WikiExtractor.py - No such file or directory

Question

WikiExtractor.py - No such file or directory

Tomas0413 opened this issue 6 years ago · 6 comments

@yoheikikuta thanks for creating this repository and sharing the instructions on how to train BERT with Japanese wiki data! I'm trying to reproduce everything from scratch and I can't find WikiExtractor.py file.

python3 src/data-download-and-extract.py

100.0% 2906087424 / 2906079739
python3: can't open file '/data/bert-japanese/src/../../wikiextractor/WikiExtractor.py': [Errno 2] No such file or directory

ありがとうございました

Answer 1 · 2019-02-13T14:05:29.000Z

I'm going to try a WikiExtractor.py from here:

https://github.com/attardi/wikiextractor

Maybe it's what you used?

Answer 2 · 2019-02-14T03:05:14.000Z

@Tomas0413
Yes, this repository uses wikiextractor you mentioned.
This wikiextractor` is installed during the docker build.
Did you properly run the script in a docker container?

Answer 3 · 2019-02-14T10:58:48.000Z

Hi, @yoheikikuta, thanks for the response!

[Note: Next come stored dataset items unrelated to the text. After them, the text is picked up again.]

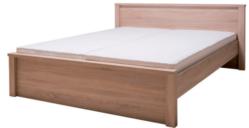
R14 - 828 x 1810 x 2106 mm - fekvőfelület: 1600 x 2000 mm
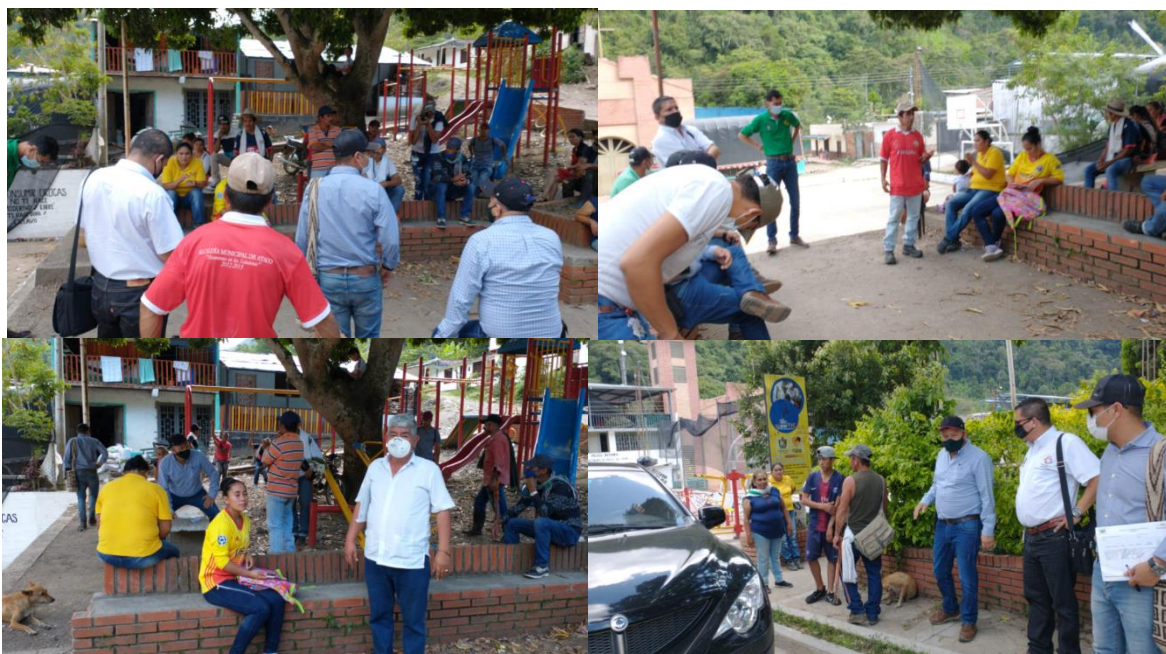
Figure 6: Registros fotográficos entrega biofertilizantes veredas contiguas al corregimiento de Pto. Saldaña pero que son jurisdicción del Municipio de Ataco

Sobre las tres y treinta de la tarde del día 4 de noviembre se realizó la reunión de asistencia, asesoría, capacitación y entrega de suministros, la asesoría y asistencia técnica estuvo a cargo del Profesional de la SDA Y PA y acompañó la UMATA del municipio y el mismo señor alcalde, el profesional de la Secretaria de Inclusión Social adelanto una asesoría y asistencia jurídica a las víctimas del conflicto armado de la asociación ASOVITOL a quienes finalmente se les hizo entrega de 8.5 toneladas del biofertilizante.
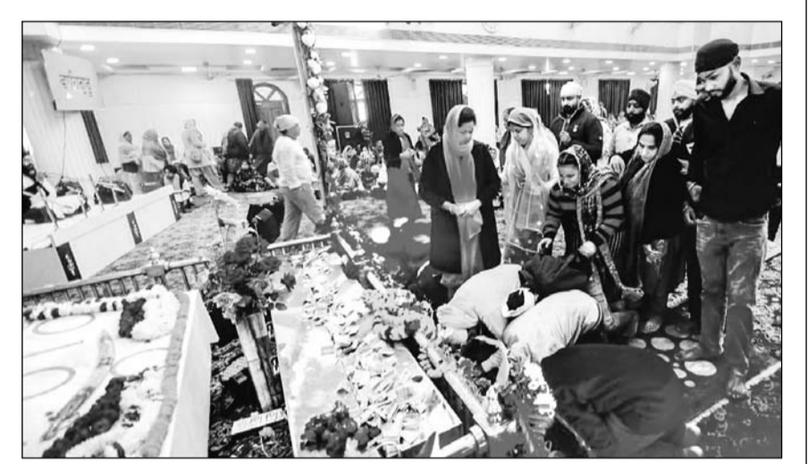
जयपुर के राजापाक गुरुद्वारे में गुरु गोविन्द सिंह जयंती पर विशेष रूप से सजाया गया और विशेष पूजा की गई। वहीं सुबह से ही अटूट लंगर बरताया गया।

जिलों का दर्जा समाप्त कर दिया गया है। गंगपुर सिटी से जिला का दर्जा समाप्त करने के पीछे भी सरकार की राजनीतिक द्वेषता ही है। याचिका में कहा गया कि सरकार ने करीब डेढ़ साल पहले गंगपुर सिटी को जिला बनाया था और उसके बाद यहाँ कई प्रशासनिक नियुक्तियाँ हो चुकी हैं। वहीं विभाग भी बतौर जिला स्तर पर काम कर रहे हैं। कमेटी ने लोगों से आपत्तियाँ मांगने के बाद इसे जिला घोषित किया था। ऐसे में अब महज राजनीतिक द्वेषता के चलते इसे जिला निरस्त करना गलत है। गौरतलब है कि पूर्ववर्ती कांग्रेस सरकार ने अगस्त, 2023 में 3 नए संभाग और 19 जिलों का गठन किया था।
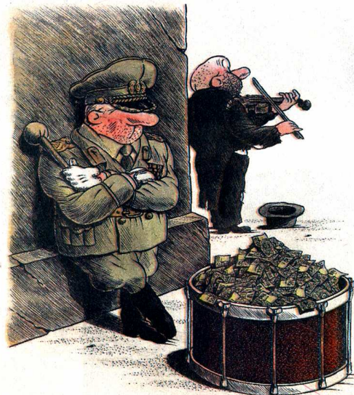
Cartum de 1991 de Jurij Kosobukin, da Ucrânia

de agosto, de segunda a sexta-feira, das 8h às 11h30 e das 13h30 às 17h. Informações (19) 3429-4305 ou (19) 3429-4410.
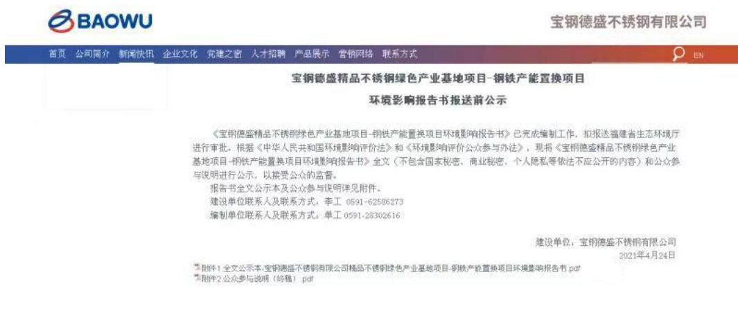
图 5.2-1 报送前公示截图
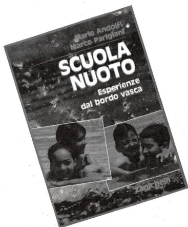
Andolfi M, Parigiani M.: Scuola nuoto - Esperienze dal bordo vasca , Zanichelli, Bologna, 1989, pagg. 304, ill.

La "scuola nuoto" è una tappa importante (se non indispensabile) per ogni bambino. Ai primi approcci all'acqua e al nuoto, la Zanichelli ha dedicato un interessante libro, nel quale gli autori, Mario Andolfi e Marco Parigiani, presentano tutte le componenti che si ricollegano all'apprendimento del nuoto. Il manuale è suddiviso in 6 sezioni ed è in grado di esaudire le esigenze delle categorie di lettori più disparate: dai genitori, che apprendono come avvicinare il bambino alla vasca d'ambientamento, ai docenti, che trovano la descrizione delle differenti nuotate o stili di nuoto, e, infine, agli istruttori, che acquisiscono le nozioni basilari per l'organizzazione dei corsi di nuoto.
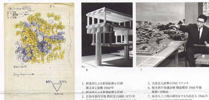
1. 評選形による新宿駅前計画 模写文庫館 1960年 2. 評選形による新宿駅前計画 模写・石塚誠 3. 広島市基町団地 建設直立図面 1973年 4. 豊後建築模型のたりの日本地図 1964年 5. 大高正人直筆のPAUスケッチ 6. 栃木県庁舎建設模範 1966年頃 7. 阪出人工土地の説明をする大高正人 1966年

I should have looked at the Dockerfile indeed. Anyway, I was able to download the data and extract it, so this step worked fine. Now will move onto the SentencePiece, I initially tried running it in a small VM with 8GB of RAM, so I ran out of RAM and will what you used: n1-standard-8.

Answer 4 · 2019-02-14T13:02:27.000Z

@Tomas0413

n1-standard-8 (8CPUs, 30GB memories)

You need enhance the instance's memory to avoid the memory error.
I'm sure 30 [GB] is enough.

Answer 5 · 2019-02-14T13:52:27.000Z

Yep, SentencePiece on 30GB RAM finished without problems.

Answer 6 · 2019-02-16T11:00:57.000Z

I'll close this issue.
Please make another issues if you have any other problems.